Every word in the data below belongs in your copy, exactly as given; the pictures do not.

DATA SHOWN:
****************************************

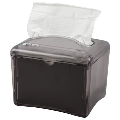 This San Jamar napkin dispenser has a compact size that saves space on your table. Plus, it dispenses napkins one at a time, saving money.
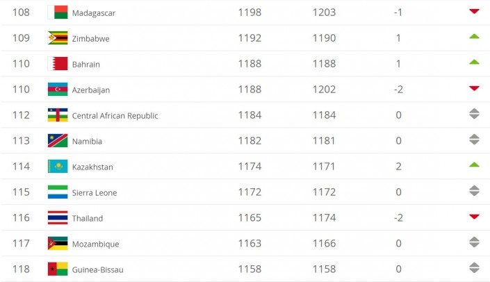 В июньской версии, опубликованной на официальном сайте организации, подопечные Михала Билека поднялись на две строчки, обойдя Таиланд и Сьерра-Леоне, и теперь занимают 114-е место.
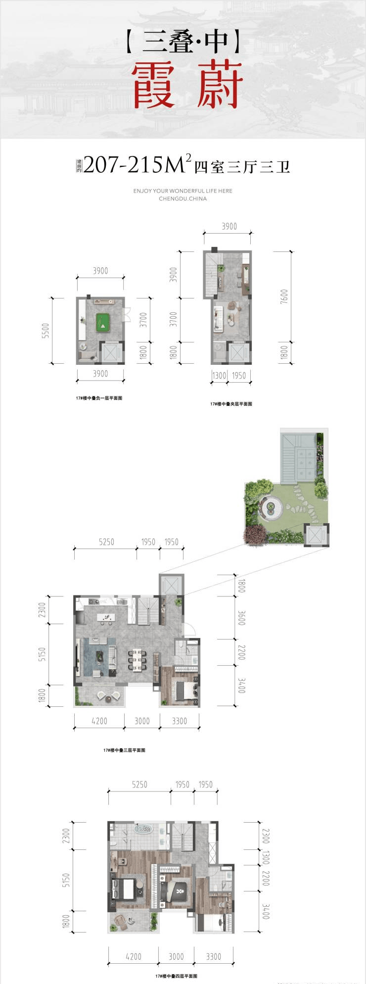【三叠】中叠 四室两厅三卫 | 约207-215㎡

****************************************

THE ANSWER:
 This San Jamar napkin dispenser has a compact size that saves space on your table. Plus, it dispenses napkins one at a time, saving money.
 В июньской версии, опубликованной на официальном сайте организации, подопечные Михала Билека поднялись на две строчки, обойдя Таиланд и Сьерра-Леоне, и теперь занимают 114-е место.
【三叠】中叠 四室两厅三卫 | 约207-215㎡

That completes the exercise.